You have a function that validates a user age (must be 18–120). You've written happy path tests.

**Task:** Prompt AI: "Suggest 5 edge case inputs for a function that validates age 18–120. Include boundary and invalid cases." List what AI suggests. Then evaluate: which would you actually add to your test suite? Why or why not?

**Question:** When would you reject an AI-suggested edge case?

**Checkpoint:** User gets suggestions (e.g., 17, 18, 120, 121, -1, "eighteen", 18.5). They evaluate: 18 and 120 are must-haves; 17 and 121 test boundaries; -1 and "eighteen" test invalid; 18.5 might be optional. They reject cases that don't match real usage (e.g., if age is always integer).

---

## Step 5: AI for Test Data

You need to test an API that accepts `{ name, email, createdAt }`. You want 3 valid and 2 invalid payloads.

**Task:** Write a prompt for AI to generate these payloads. What specific requirements would you include? (e.g., email format, date format, invalid examples)

**Question:** Why might AI-generated test data still need your review?

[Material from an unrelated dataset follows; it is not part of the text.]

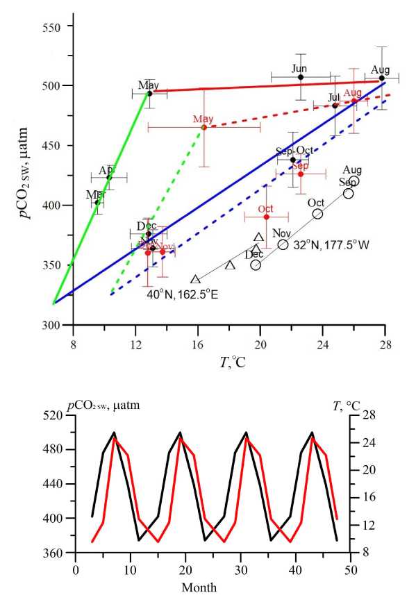 August | рСО2 sw = 0.44·T + 487.47 рСО2 sw = 8.85·T + 253.30 | рСО2 sw = 2.29·T + 427.42 рСО2 sw = 8.75·T + 237.76 |

**Checkpoint:** User writes a clear prompt with constraints (valid email, ISO date, name length). They note: AI might generate data that passes validation but doesn't match real-world edge cases (Unicode, SQL injection attempts); human review catches those.

---

## Step 6: Iterate on a Failed Prompt

<!-- hint:celebrate -->

Your first prompt produced tests that used `jest.fn()` but your project uses Vitest (`vi.fn()`). The tests also didn't handle async.

**Task:** Write a refined prompt that would fix these issues. What would you add or change?

**Question:** How do you build a "prompt library" for test generation over time?

**Checkpoint:** User adds: "Use Vitest (vi.fn(), vi.mock())", "This function is async—use async/await in tests". They see value in saving successful prompts for reuse (framework, style, common patterns).